Could you copy the records below exactly, keeping none of the images?

** Opening Extracted information block **

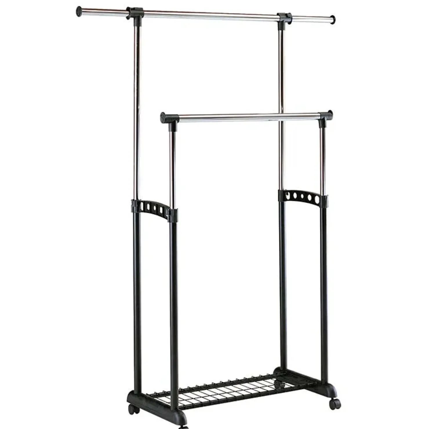 Stand appendiabiti regolabile allungabile con ruote Bonney in acciaio cromato plastica nero: la soluzione perfetta per mantenere in ordine gli indumenti e gli oggetti da tenere a portata di mano.
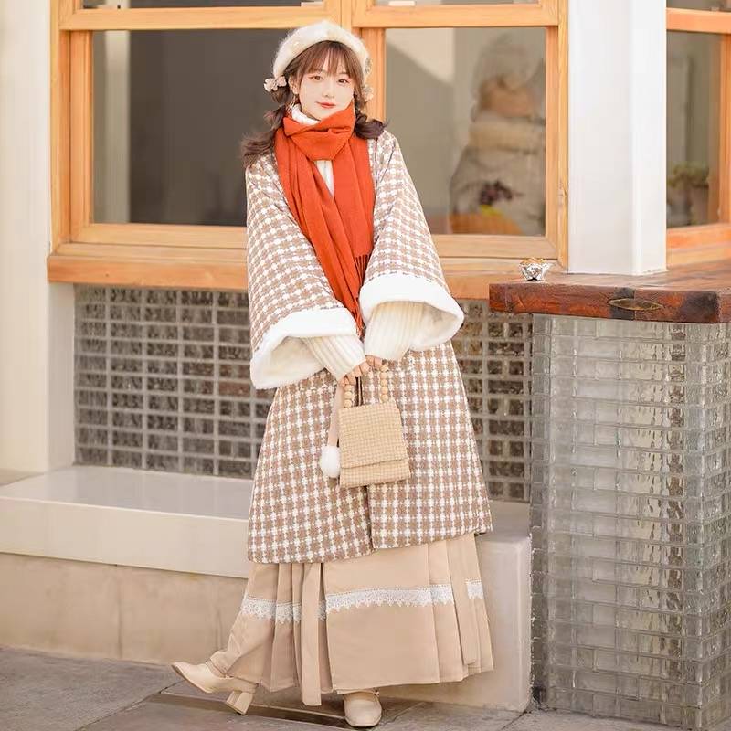 倾雪花眷原创【啵啵奶茶】明制汉服女汉元素长款呢绒外套披风马面
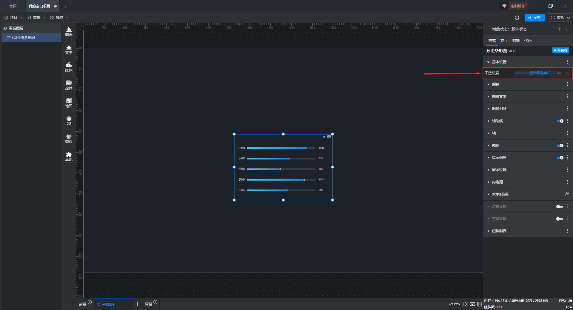 | 不透明度 | 1)根据个人喜好或整体和谐度合理地使用透明度,会让大屏布局更美观; | 2)这个设置项的一个常见用法是结合条件样式/交互/多状态来实现组件的显示和隐藏。 |
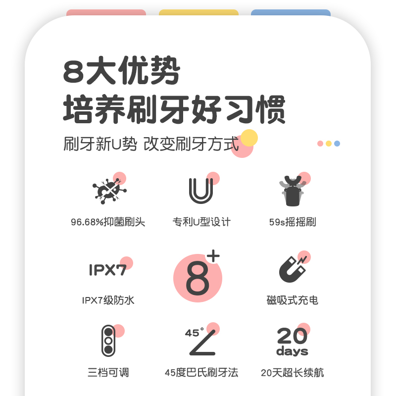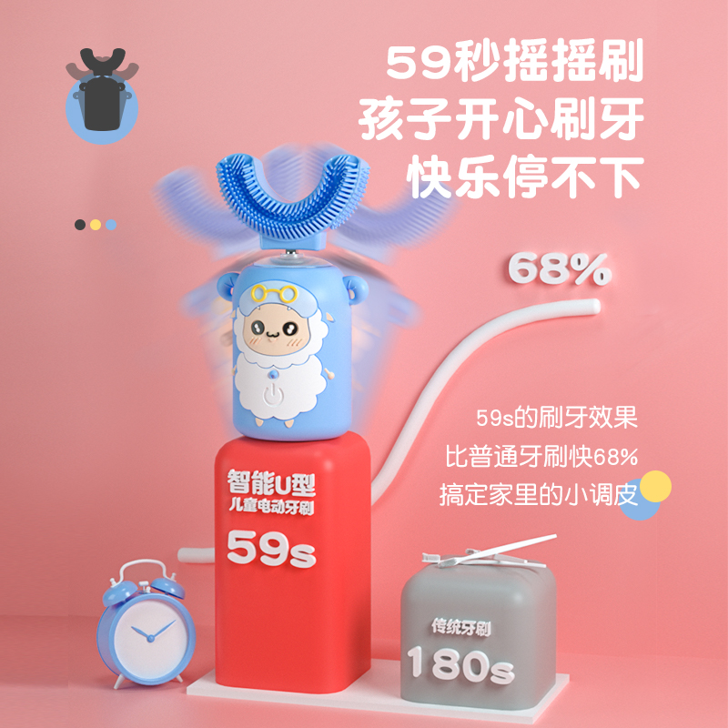 Lazy Beibei children's U-shaped electric toothbrush Baby toddler 2-8 years old Sonic automatic mouth with rechargeable tooth cleaner
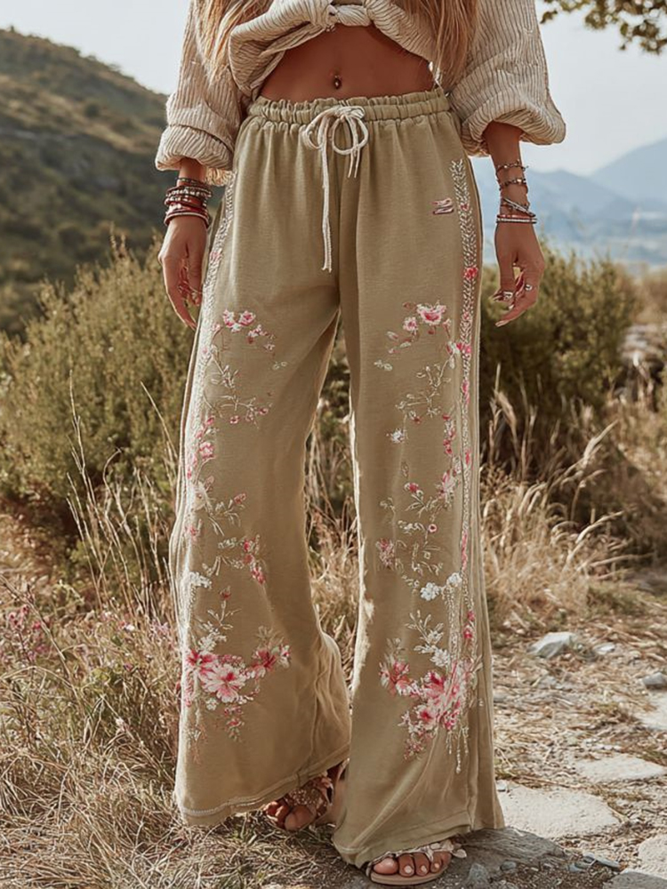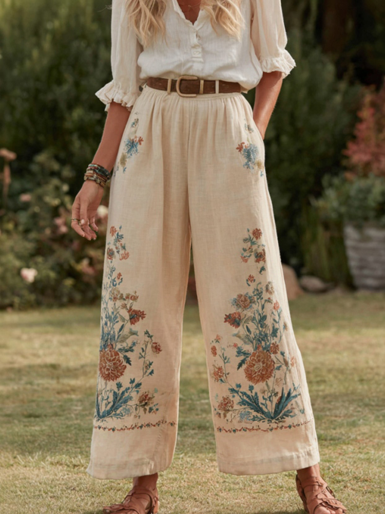 Women's Vintage Bohemian Floral Art Comfy Linen Pants

** Closing Extracted information block **

# [Your solution]
 Stand appendiabiti regolabile allungabile con ruote Bonney in acciaio cromato plastica nero: la soluzione perfetta per mantenere in ordine gli indumenti e gli oggetti da tenere a portata di mano.
 倾雪花眷原创【啵啵奶茶】明制汉服女汉元素长款呢绒外套披风马面
 | 不透明度 | 1)根据个人喜好或整体和谐度合理地使用透明度,会让大屏布局更美观; | 2)这个设置项的一个常见用法是结合条件样式/交互/多状态来实现组件的显示和隐藏。 |
 Lazy Beibei children's U-shaped electric toothbrush Baby toddler 2-8 years old Sonic automatic mouth with rechargeable tooth cleaner
 Women's Vintage Bohemian Floral Art Comfy Linen Pants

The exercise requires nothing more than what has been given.